Chinese hamster cells with a lesion in the CAD gene (cell line Urd-A) require exogenous uridine to survive. Uridine prototrophs could be isolated after introducing two recombinant plasmids containing overlapping fragments of a cloned Syrian hamster CAD gene. In contrast, no uridine prototrophs were obtained after introducing a plasmid containing only one of the two overlapping fragments. DNA restriction analysis showed that the prototrophic transformants contain a functional CAD gene which was formed by a recombination event in the overlapping region of the two clones. Most of the recombination events involved homologous exchanges, and some of them apparently were reciprocal. In situ hybridization analysis revealed that the donated sequences were integrated at a single chromosomal site which was different in each transformant. These results demonstrate the existence of a recombination system(s) in mammalian cells that can catalyze homologous exchanges. Recombination between donated sequences is a means by which this system can be characterized and also utilized for the production of novel gene fusions.

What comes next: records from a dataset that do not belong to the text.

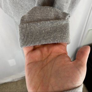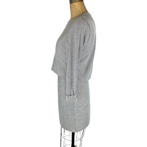 Size US 2. Pinstripe light grey/black. Rounded neck. 3/4 sleeve with folded cuff. Layered upper body, kite open back. Fitted bodice. Fabric has a bit of stretch.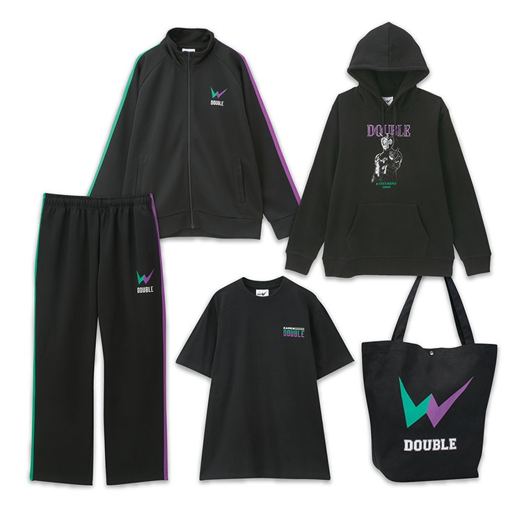 『仮面ライダーW』のTシャツ・ジャージ・ロングパンツ・プルパーカ・トートバッグが入った5点セットです。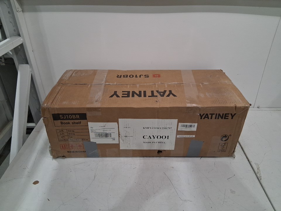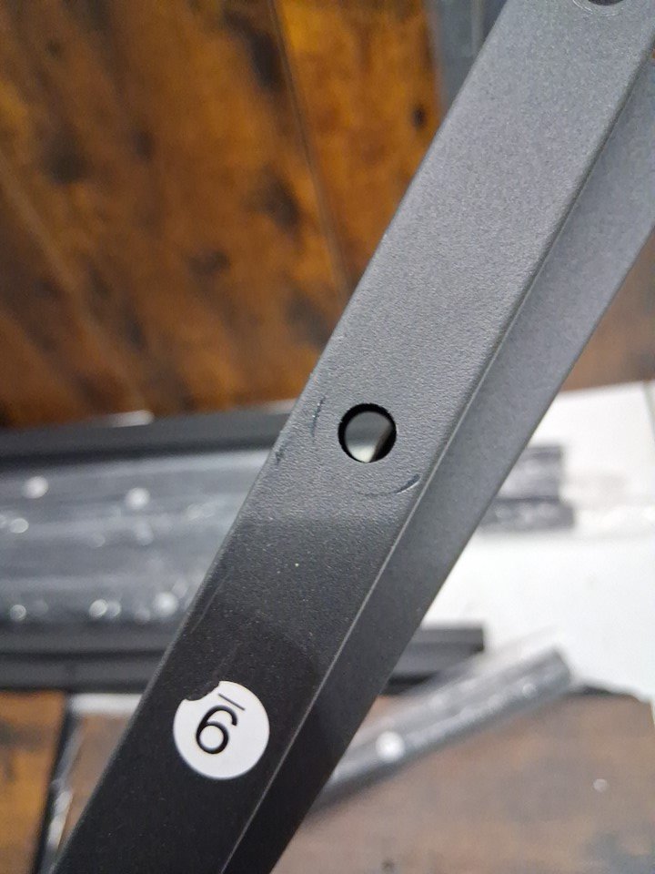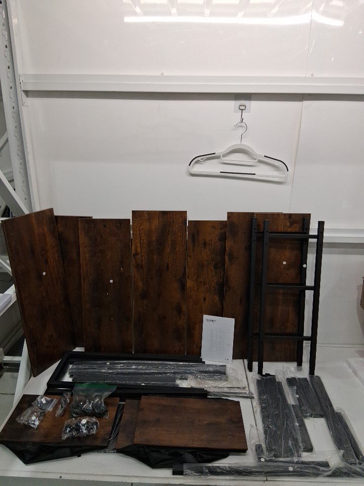 It looks like someone attempted to start building the shelf and ended up returning it before it was set up. There are 2-3 poles with washer marks near the screw holes due to the previous owner trying to assemble the shelf, and there is one scratch/crack beginning to form on one of the wood drawers. The majority of the pieces look new. (Please see photos)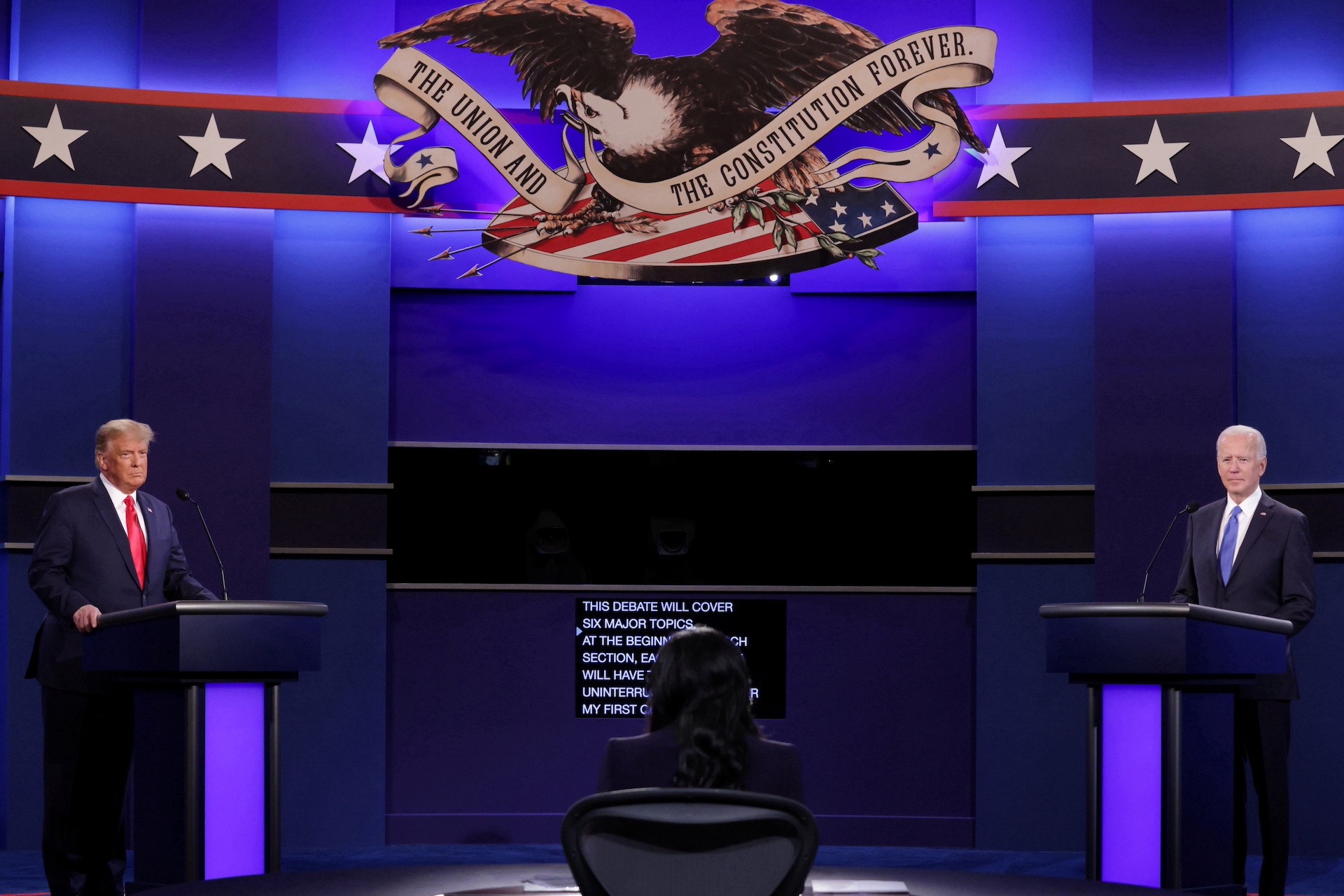 A wild card in all this is the debate’s structure. There will be no audience. So Bash and Tapper won’t be repeatedly asking people to quiet down. Neither Biden nor Trump will be allowed to bring props onstage, though they will be allowed a pen, a pad of paper, and a bottle of water. Both candidates will stand at a podium, and there will be one commercial break. Perhaps most consequentially, CNN will mute each candidate’s microphone when their time is up. So the crosstalk that dominates—and frequently undermines—most debates should diminish.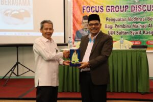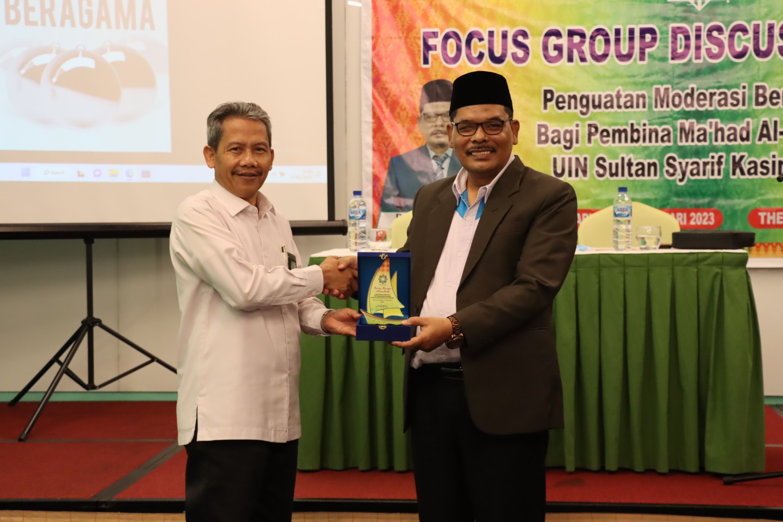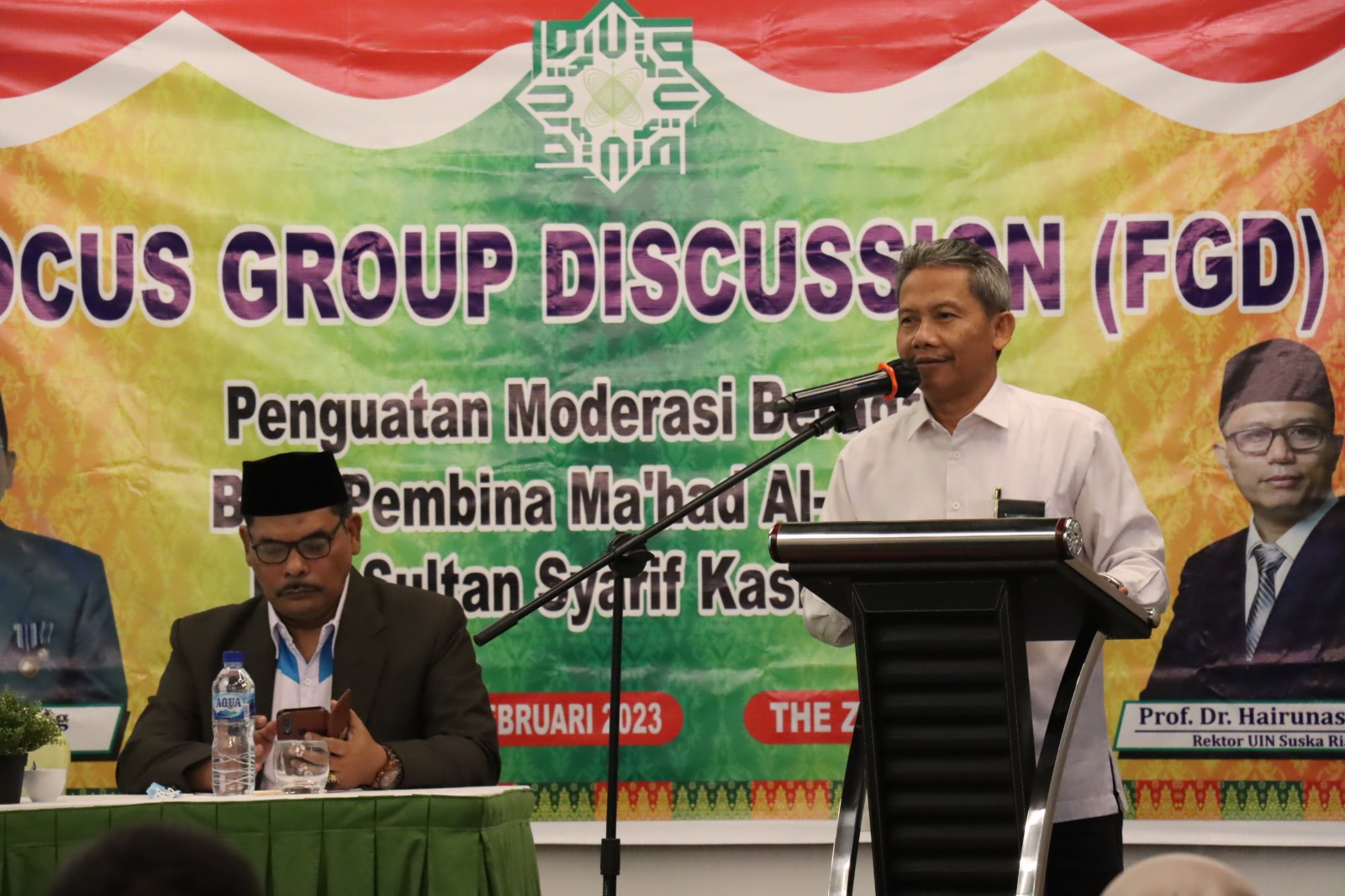 Kegiatan FGD ini secara resmi dibuka oleh Wakil Rektor II UIN Suska Riau, Dr. Mas’ud Zein, M.Pd. Dalam sambutannya beliau menyampaikan apresiasi kepada pimpinan Ma’had Al-Jami’ah UIN Suska Riau yang telah berupaya mengimplementasikan program pemerintah di UIN Suska Riau. “Pada tahun 2019 lalu, UIN Suska Riau dikatakan termasuk kampus yang ekstrim. Melalui kegiatan ini mari kita rubah image tersebut dengan menjadi leader dan virus yang menularkan implementasi moderasi beragama di Indonesia.” Ujar Mas’ud Zein.

The cloning and reintroduction into animal cells of a functional CAD gene, a dominant amplifiable genetic marker.

Rodent cells resistant to PALA, a specific inhibitor of the aspartate transcarbamylase activity of the multifunctional CAD protein, overproduce CAD as a result of amplification of the CAD gene. We cloned a functional CAD gene from Syrian hamster cells using a cosmid vector. Two independently isolated cosmids containing CAD genes have inserts 40 and 45 kb long. We introduced the cloned genes into CAD-deficient Chinese hamster ovary (CHO) cell mutants by fusing them with protoplasts of Escherichia coli containing the cosmids. We also introduced the cloned genes into wild-type CHO cells by selecting cells that became resistant to high concentrations of PALA following protoplast fusion. The transformants of the mutant and wild-type CHO cells contain multiple active copies of the donated Syrian hamster CAD genes. The cloned genes in three independent transformants are integrated into host-cell chromosomes at single locations identified by in situ hybridization. In two of these transformants, the genes are located in one X chromosome or in a chromosome resembling the X. In the third case, the genes are located in a small metacentric or rearranged chromosome.